[Opening PROVIDED DATA section]

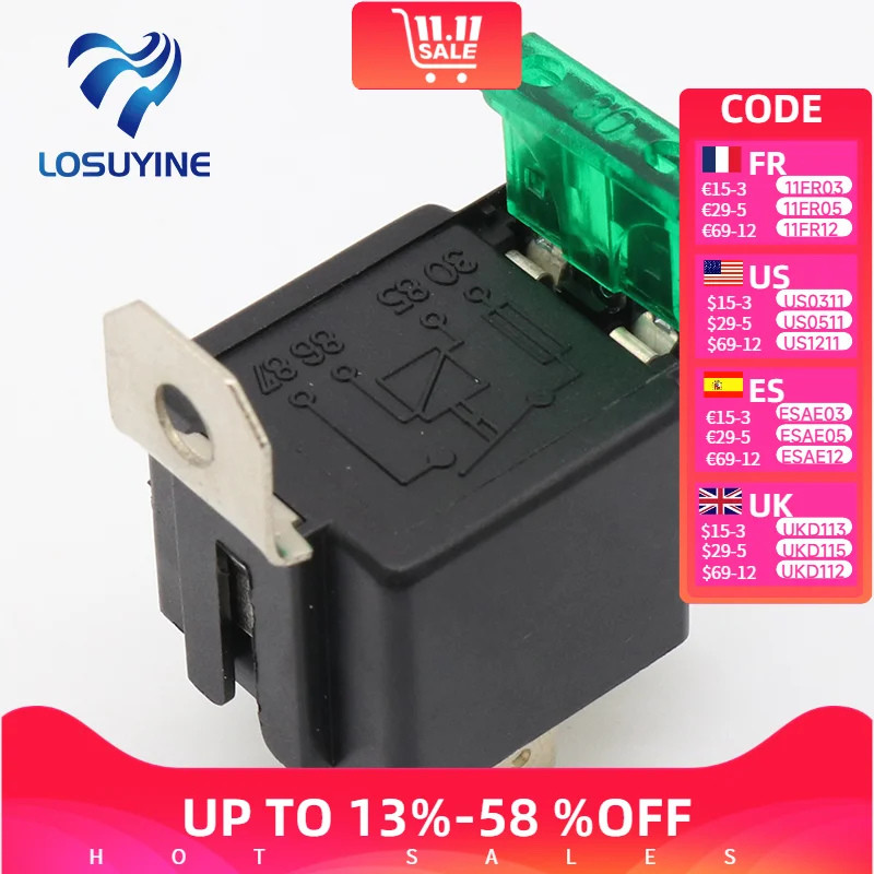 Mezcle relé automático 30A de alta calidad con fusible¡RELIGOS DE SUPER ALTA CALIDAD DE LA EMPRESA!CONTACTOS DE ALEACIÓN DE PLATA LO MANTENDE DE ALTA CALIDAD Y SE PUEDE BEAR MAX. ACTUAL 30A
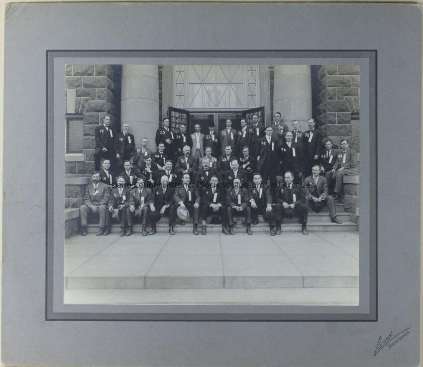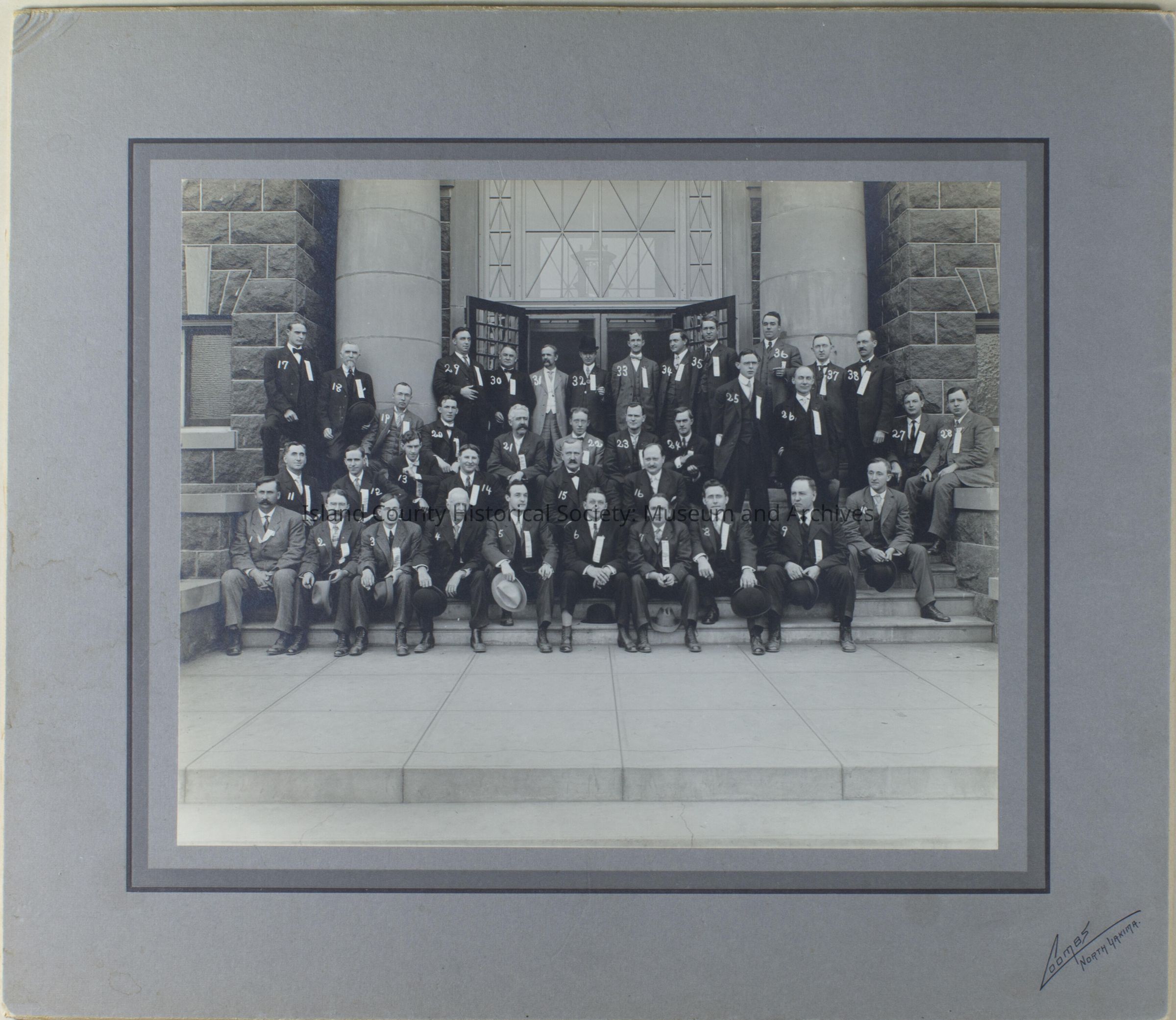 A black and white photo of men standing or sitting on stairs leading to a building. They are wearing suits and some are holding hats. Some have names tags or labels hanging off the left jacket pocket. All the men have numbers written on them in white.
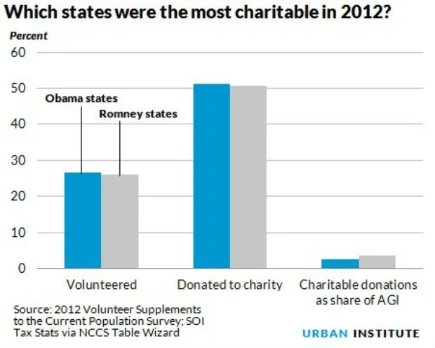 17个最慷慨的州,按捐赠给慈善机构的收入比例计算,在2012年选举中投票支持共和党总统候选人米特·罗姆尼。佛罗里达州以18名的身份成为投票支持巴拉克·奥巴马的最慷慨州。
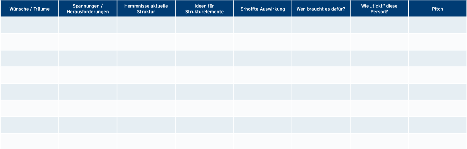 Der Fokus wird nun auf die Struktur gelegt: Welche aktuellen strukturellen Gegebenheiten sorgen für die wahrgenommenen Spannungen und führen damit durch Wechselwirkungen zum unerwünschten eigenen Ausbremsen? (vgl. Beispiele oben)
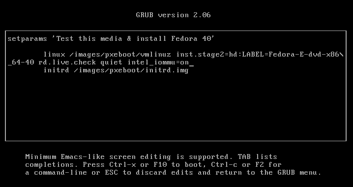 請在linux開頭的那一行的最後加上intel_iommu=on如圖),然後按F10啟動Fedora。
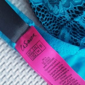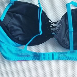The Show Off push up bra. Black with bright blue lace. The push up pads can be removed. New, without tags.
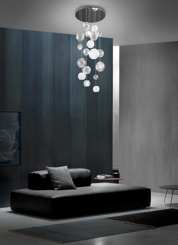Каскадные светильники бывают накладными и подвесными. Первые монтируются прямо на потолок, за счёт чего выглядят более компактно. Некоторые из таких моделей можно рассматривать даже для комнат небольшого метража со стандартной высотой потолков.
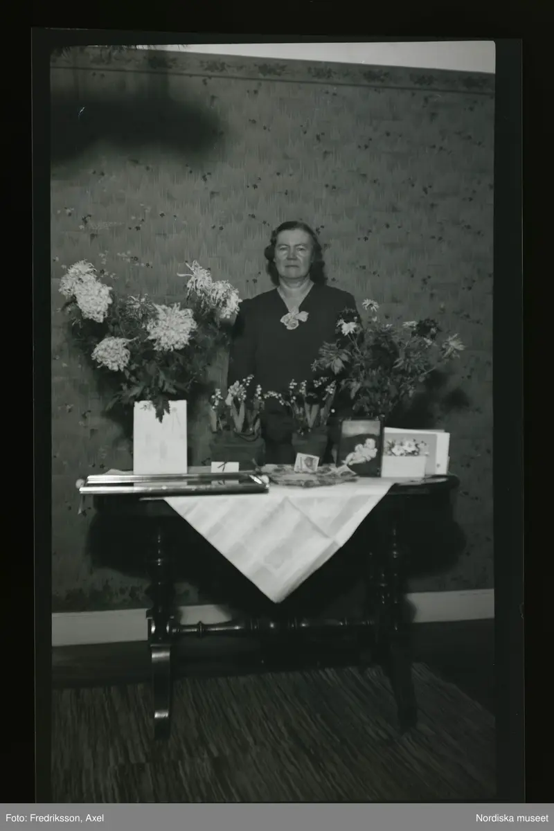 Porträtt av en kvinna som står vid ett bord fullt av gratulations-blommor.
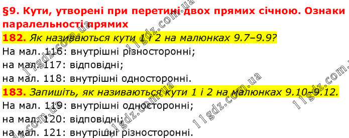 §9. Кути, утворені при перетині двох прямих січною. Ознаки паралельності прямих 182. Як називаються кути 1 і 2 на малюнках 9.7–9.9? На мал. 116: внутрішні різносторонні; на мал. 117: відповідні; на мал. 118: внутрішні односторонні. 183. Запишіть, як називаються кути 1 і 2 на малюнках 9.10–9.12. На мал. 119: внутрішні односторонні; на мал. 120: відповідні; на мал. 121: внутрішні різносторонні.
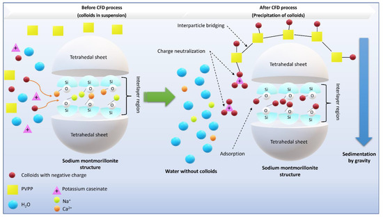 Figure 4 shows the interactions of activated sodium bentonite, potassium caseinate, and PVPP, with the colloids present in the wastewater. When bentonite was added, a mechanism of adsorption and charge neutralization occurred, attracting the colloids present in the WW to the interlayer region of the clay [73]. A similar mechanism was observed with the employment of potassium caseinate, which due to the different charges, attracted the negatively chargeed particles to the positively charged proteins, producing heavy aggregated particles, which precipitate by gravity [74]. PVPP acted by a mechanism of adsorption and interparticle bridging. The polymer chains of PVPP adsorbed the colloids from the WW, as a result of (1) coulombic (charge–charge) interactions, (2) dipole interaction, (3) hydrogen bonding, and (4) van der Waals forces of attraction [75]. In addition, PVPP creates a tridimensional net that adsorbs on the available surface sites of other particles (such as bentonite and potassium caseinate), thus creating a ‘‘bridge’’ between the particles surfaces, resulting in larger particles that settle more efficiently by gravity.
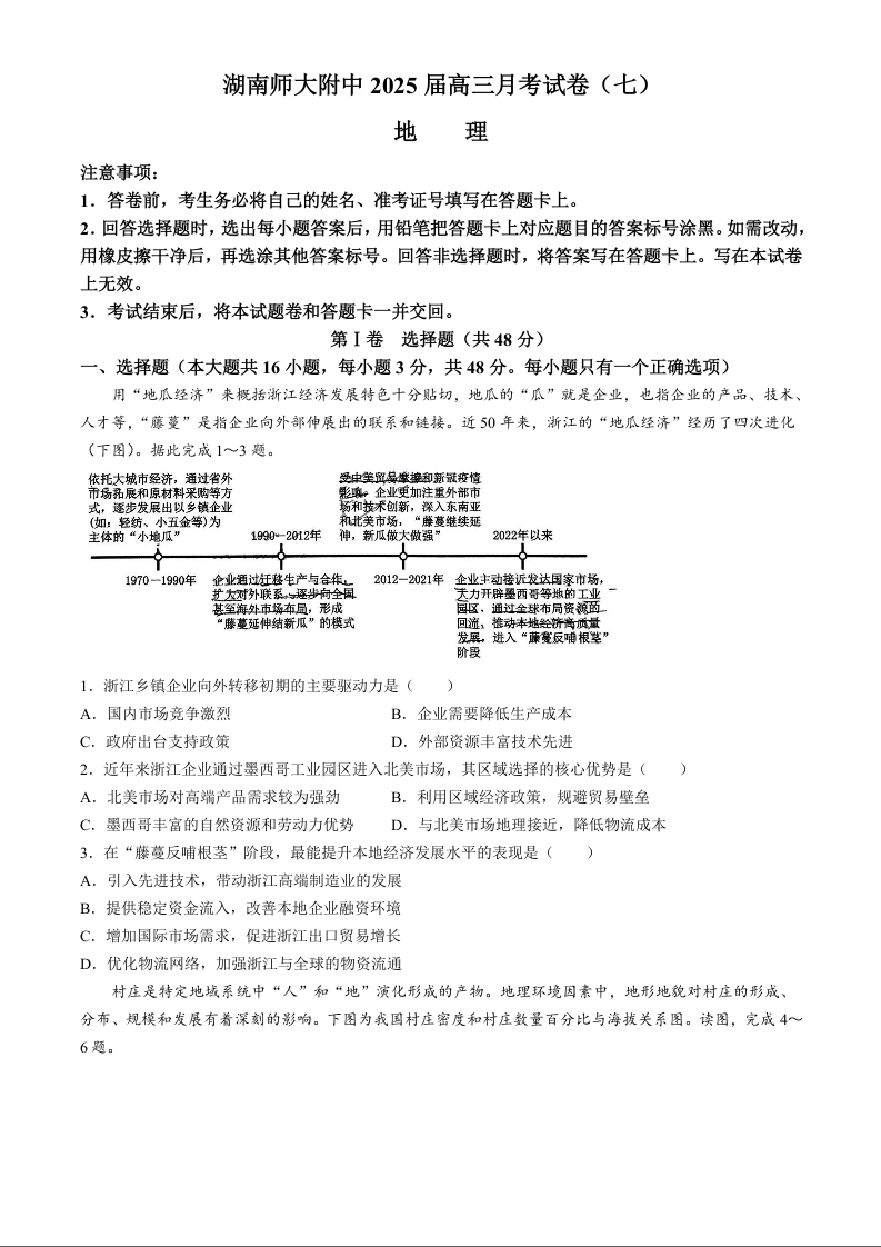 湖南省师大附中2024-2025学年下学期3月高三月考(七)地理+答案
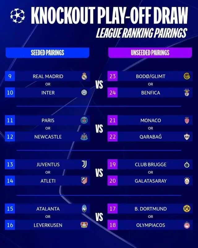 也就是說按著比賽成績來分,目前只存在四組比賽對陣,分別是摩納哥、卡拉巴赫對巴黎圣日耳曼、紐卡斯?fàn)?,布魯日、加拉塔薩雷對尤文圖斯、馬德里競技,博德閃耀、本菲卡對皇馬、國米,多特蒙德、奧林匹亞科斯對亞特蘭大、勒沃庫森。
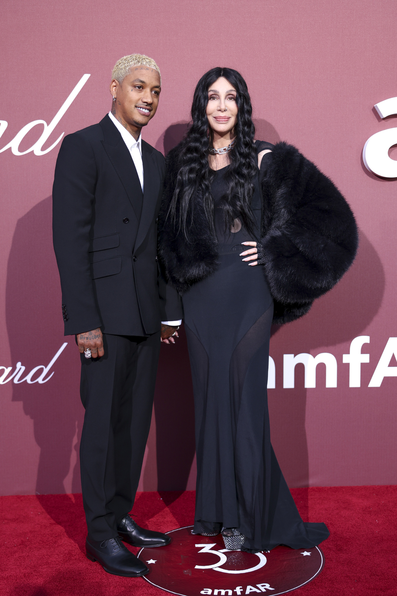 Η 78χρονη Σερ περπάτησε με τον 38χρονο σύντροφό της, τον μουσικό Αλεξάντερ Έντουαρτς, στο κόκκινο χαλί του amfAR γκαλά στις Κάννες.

[Closing PROVIDED DATA section]

[WHAT YOU WILL DO]
Whatever lies between the first line of the data and the line holding "Der Fokus wird", inclusive, should be repeated exactly, apart from the pictures.

[OUTPUT FOR THIS EXERCISE]
 Mezcle relé automático 30A de alta calidad con fusible¡RELIGOS DE SUPER ALTA CALIDAD DE LA EMPRESA!CONTACTOS DE ALEACIÓN DE PLATA LO MANTENDE DE ALTA CALIDAD Y SE PUEDE BEAR MAX. ACTUAL 30A
 A black and white photo of men standing or sitting on stairs leading to a building. They are wearing suits and some are holding hats. Some have names tags or labels hanging off the left jacket pocket. All the men have numbers written on them in white.
 17个最慷慨的州,按捐赠给慈善机构的收入比例计算,在2012年选举中投票支持共和党总统候选人米特·罗姆尼。佛罗里达州以18名的身份成为投票支持巴拉克·奥巴马的最慷慨州。
 Der Fokus wird nun auf die Struktur gelegt: Welche aktuellen strukturellen Gegebenheiten sorgen für die wahrgenommenen Spannungen und führen damit durch Wechselwirkungen zum unerwünschten eigenen Ausbremsen? (vgl. Beispiele oben)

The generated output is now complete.